Senators Say CIA Has Secretly Collected Bulk Data Related to Americans Without a Warrant

The CIA has secretly collected bulk data related to Americans without a warrant, according to a letter from two senators obtained by the New York Times.

The CIA censored the nature of the data being collected in a newly declassified publicized version of the letter.

Democratic Senators Ron Wyden and Martin Heinrich sent a letter to CIA Director William Burns and National Intelligence chief Avril Haines calling to declassify information about the program.

The letter said that the CIA had not informed the Senate Intelligence Committee of its program.

The letter said the program may run afoul of legislation intended to “limit and, in some cases, prohibit the warrantless collection of Americans’ records.”

Congress in 2015 banned the bulk collection of telecom metadata under the Patriot Act and limited other types of bulk surveillance under the Foreign Intelligence Surveillance Act.

Yet “the C.I.A. has secretly conducted its own bulk program” under Executive Order 12333, which governs intelligence activities unregulated by Congress.

“It has done so entirely outside the statutory framework that Congress and the public believe govern this collection, and without any of the judicial, congressional or even executive branch oversight that comes with FISA collection,” the letter said. “This basic fact has been kept from the public and from Congress.”

CIA redacted report:

The letter came in response to a heavily redacted report by a watchdog panel scrutinizing intelligence community activities under Executive Order 12333.
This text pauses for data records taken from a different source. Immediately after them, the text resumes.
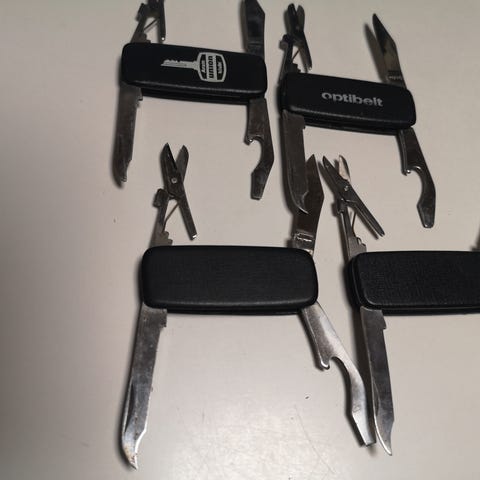 Kolme taittoveistä. Kaksi pullon avaaja pienellä veitsellä ja yksi avaimenperä missä veitset. Iso sininen on Solingen ja siinä kahvassa tummuutta. Yht. 6 kpl Myydään yhteishintaan diili tai nouto.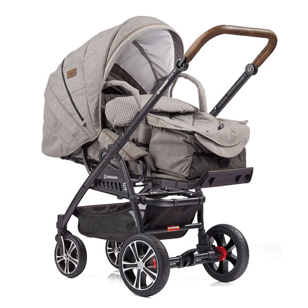 Der Kombi-Kinderwagen F4 Air Plus von GESSLEIN überzeugt als echter Allrounder. In Kombination mit der Tragetasche und dem Spielbügel aus Leder bietet Euren Kindern vom Säuglings- bis ins Kleinkindalter hohen Komfort auf jeder Spazierfahrt.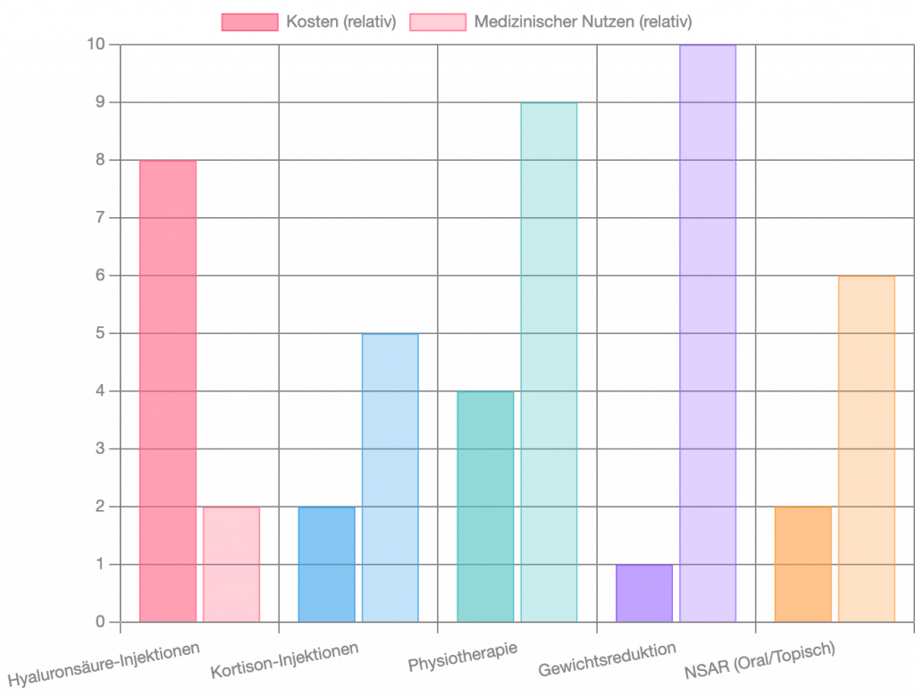 Dieses Balkendiagramm veranschaulicht das Verhältnis von Kosten zu medizinischem Nutzen für verschiedene Arthrose-Behandlungen. Es wird deutlich, dass Therapien wie Hyaluronsäure-Injektionen hohe Kosten verursachen, während ihr medizinischer Nutzen als gering eingestuft wird. Im Gegensatz dazu bieten nicht-medikamentöse Ansätze wie Gewichtsreduktion und Physiotherapie einen hohen medizinischen Nutzen bei vergleichsweise niedrigen Kosten, was die Empfehlung der Krankenkassen für diese evidenzbasierten Therapien untermauert.

The senators said the report detailed a program that the CIA did not inform the Intelligence Committee about. An intelligence official told the Times that the panel was aware of the program but may not have been told about certain tools used by the agency.

The report said that the CIA has not fully developed guidelines for processing the data.

The report also said that CIA officials “use an American’s identifier as a query term when searching the unspecified data, a box pops up to remind them that the search must have a foreign intelligence purpose. But the officials are not required to record what that purpose was, and the recommendations urged the agency to do so,” according to the Times.

CIA defends:

Kristi Scott, the C.I.A.’s privacy and civil liberties officer, defended the program.

“C.I.A. recognizes and takes very seriously our obligation to respect the privacy and civil liberties of U.S. persons in the conduct of our vital national security mission, and conducts our activities, including collection activities, in compliance with U.S. law, Executive Order 12333 and our attorney general guidelines,” she said. “C.I.A. is committed to transparency consistent with our obligation to protect intelligence sources and methods.”

But Wyden and Heinrich urged the CIA to declassify the nature of its relationship with the sources of the data, the types of data it is collecting, and “the rules governing the use, storage, dissemination and queries (including U.S. person queries) of the records.”